Self-Supervised Learning of Context-Aware Pitch Prosody Representations
This work addresses the need for better feature spaces in Music Information Retrieval, though it appears incremental as it builds on existing self-supervised learning methods.
The paper tackled the problem of inferring meaning from short and long contexts in music and speech by learning contextual representations of sung vocal lines from fundamental frequency, showing that these representations can enhance downstream classification tasks by up to 15% compared to traditional features.

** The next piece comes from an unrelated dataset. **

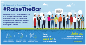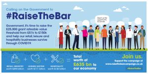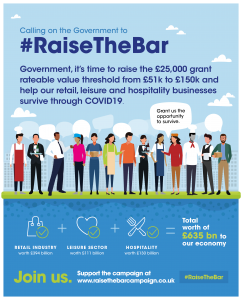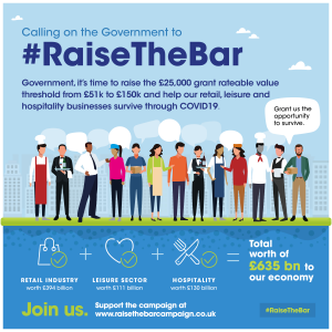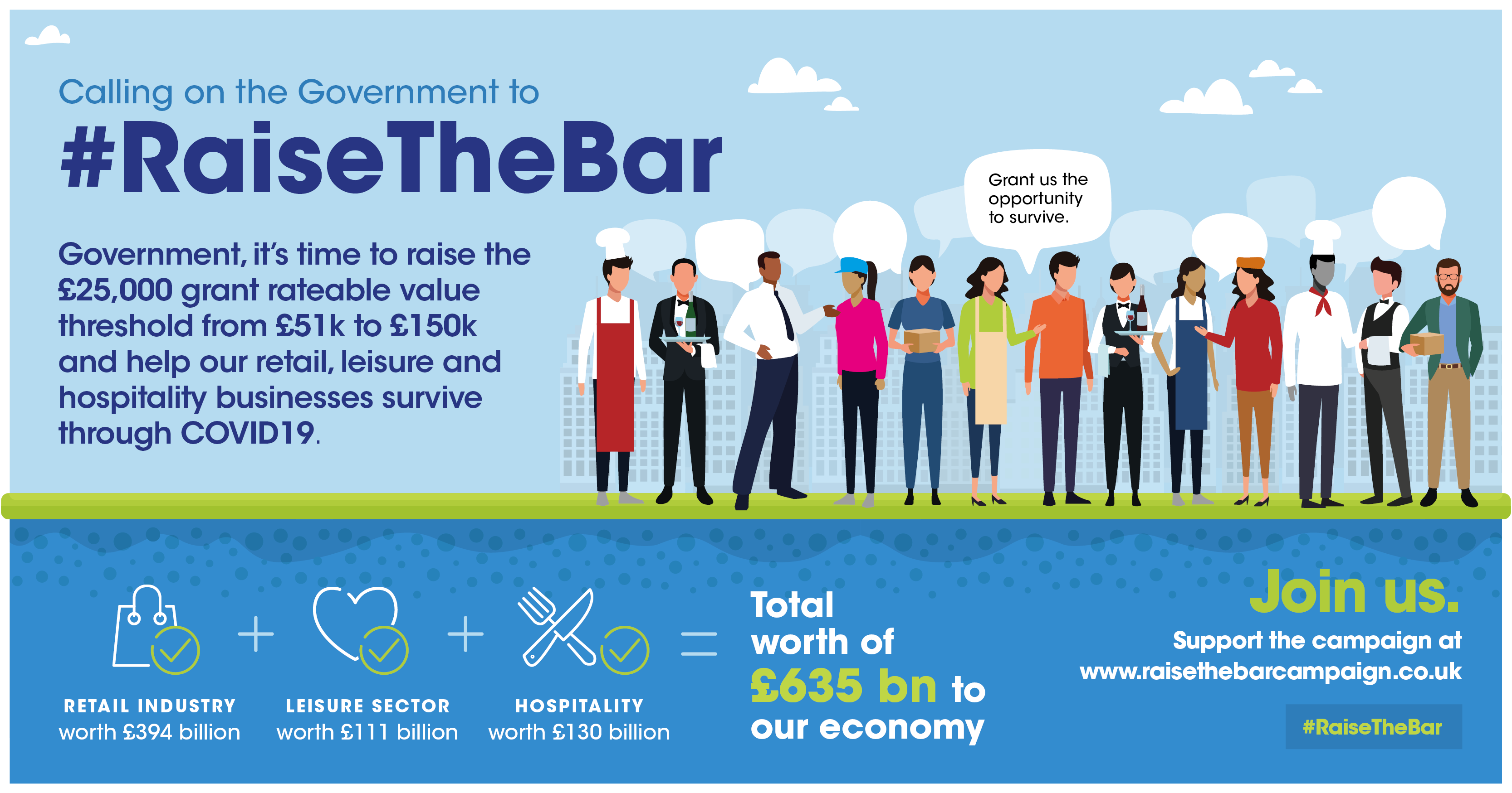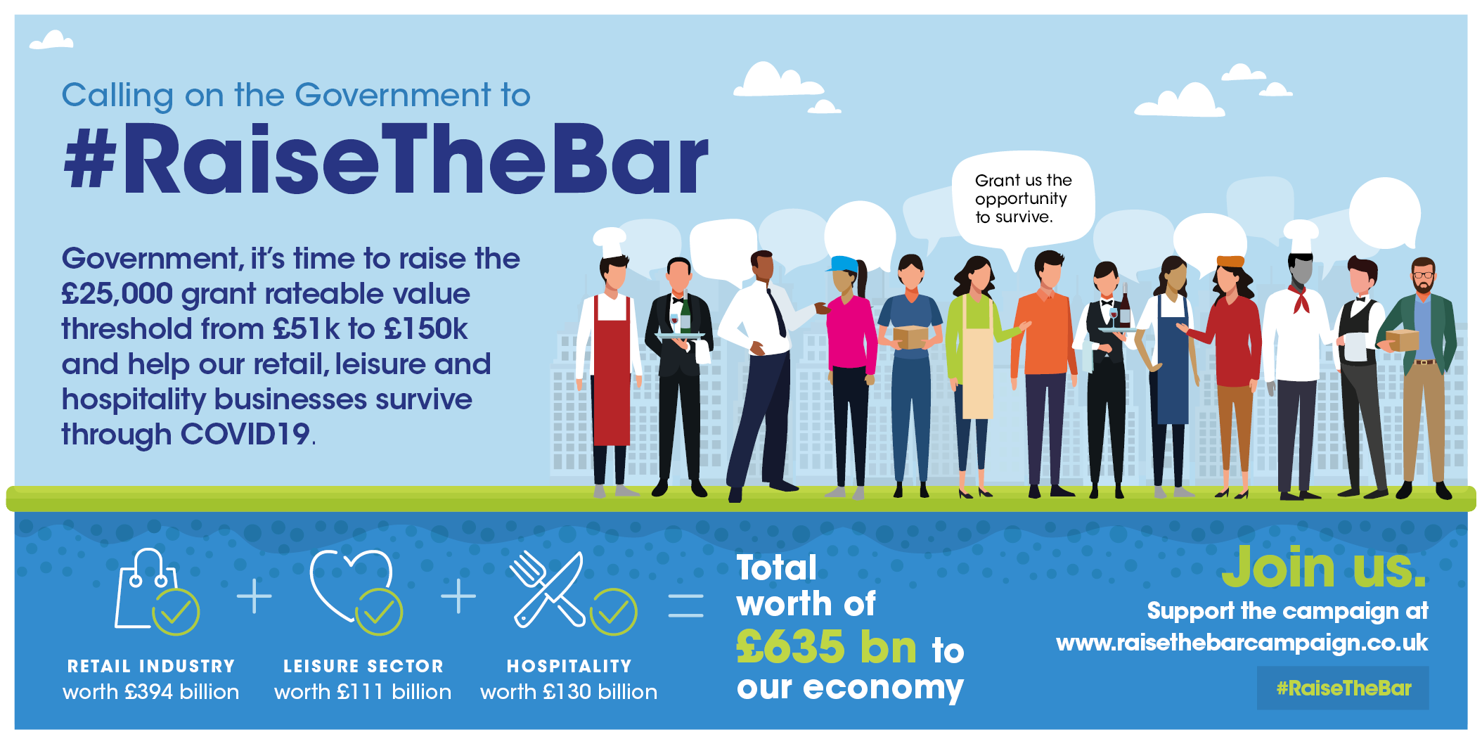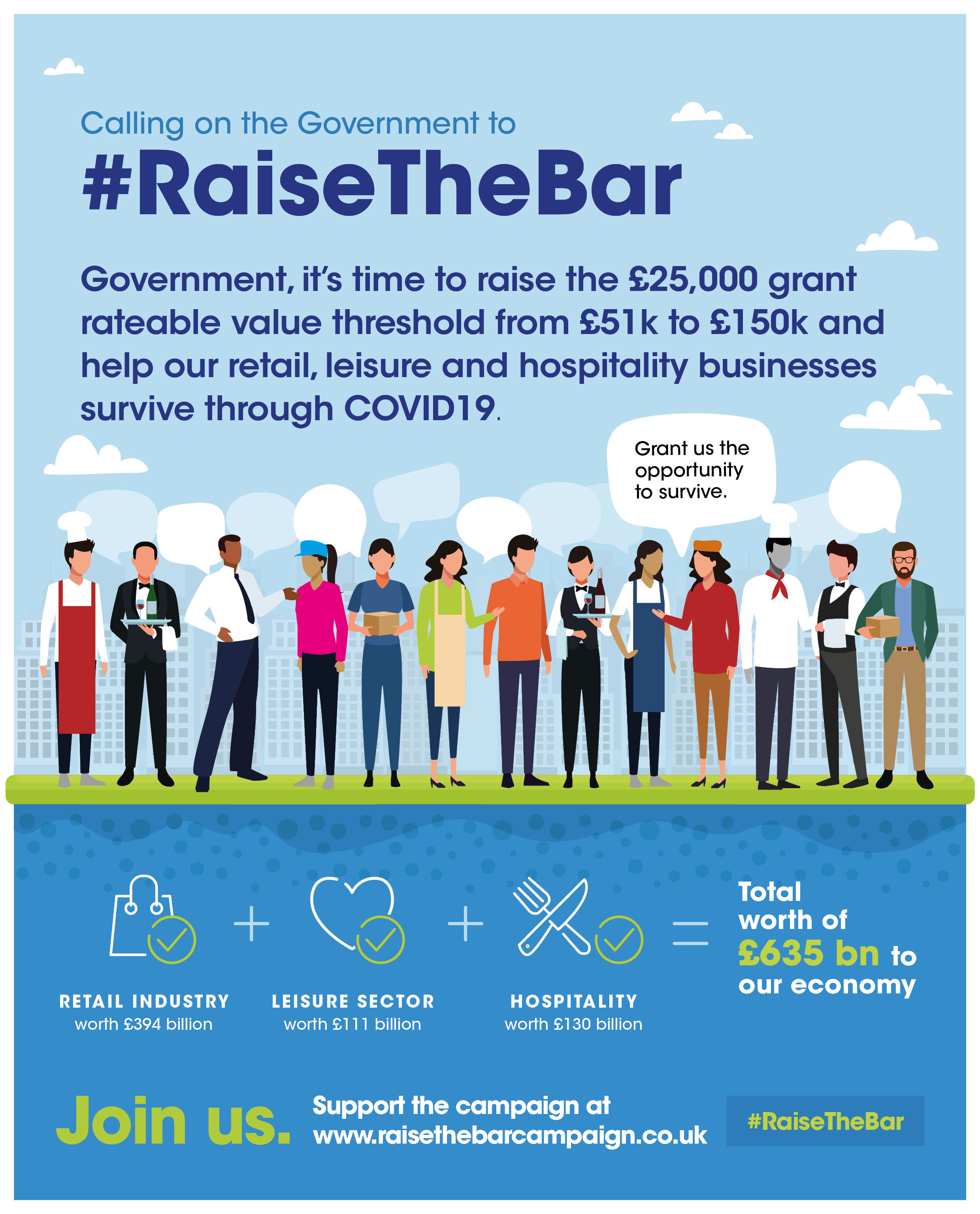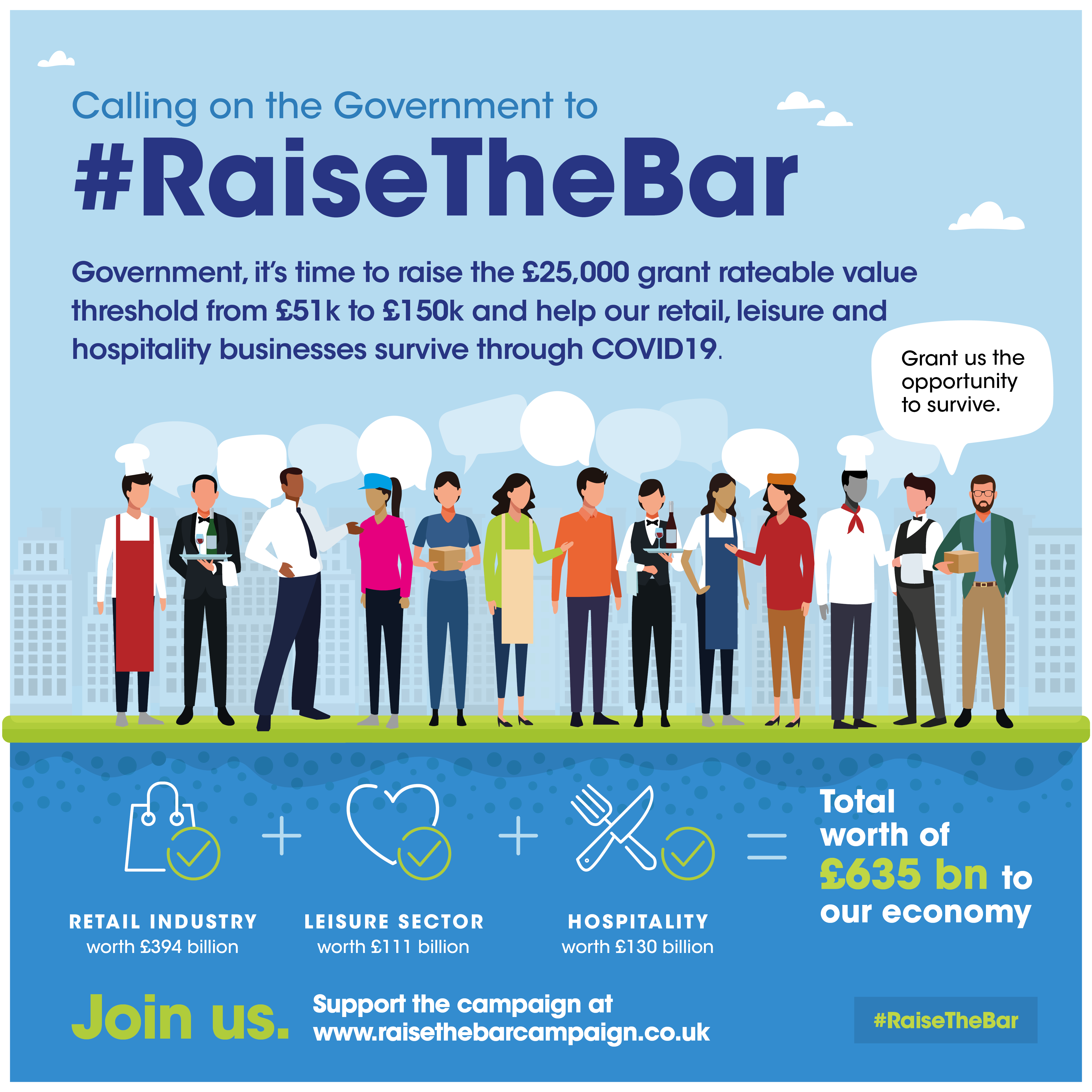 - Government, it’s time to raise the £25,00 grant rateable value threshold from £51,000 to £150,00 and help the retail, hospitality and leisure sectors survive COVID-19 www.raisethebarcampaign

In music and speech, meaning is derived at multiple levels of context. Affect, for example, can be inferred both by a short sound token and by sonic patterns over a longer temporal window such as an entire recording. In this letter, we focus on inferring meaning from this dichotomy of contexts. We show how contextual representations of short sung vocal lines can be implicitly learned from fundamental frequency ($F_0$) and thus be used as a meaningful feature space for downstream Music Information Retrieval (MIR) tasks. We propose three self-supervised deep learning paradigms which leverage pseudotask learning of these two levels of context to produce latent representation spaces. We evaluate the usefulness of these representations by embedding unseen pitch contours into each space and conducting downstream classification tasks. Our results show that contextual representation can enhance downstream classification by as much as 15\% as compared to using traditional statistical contour features.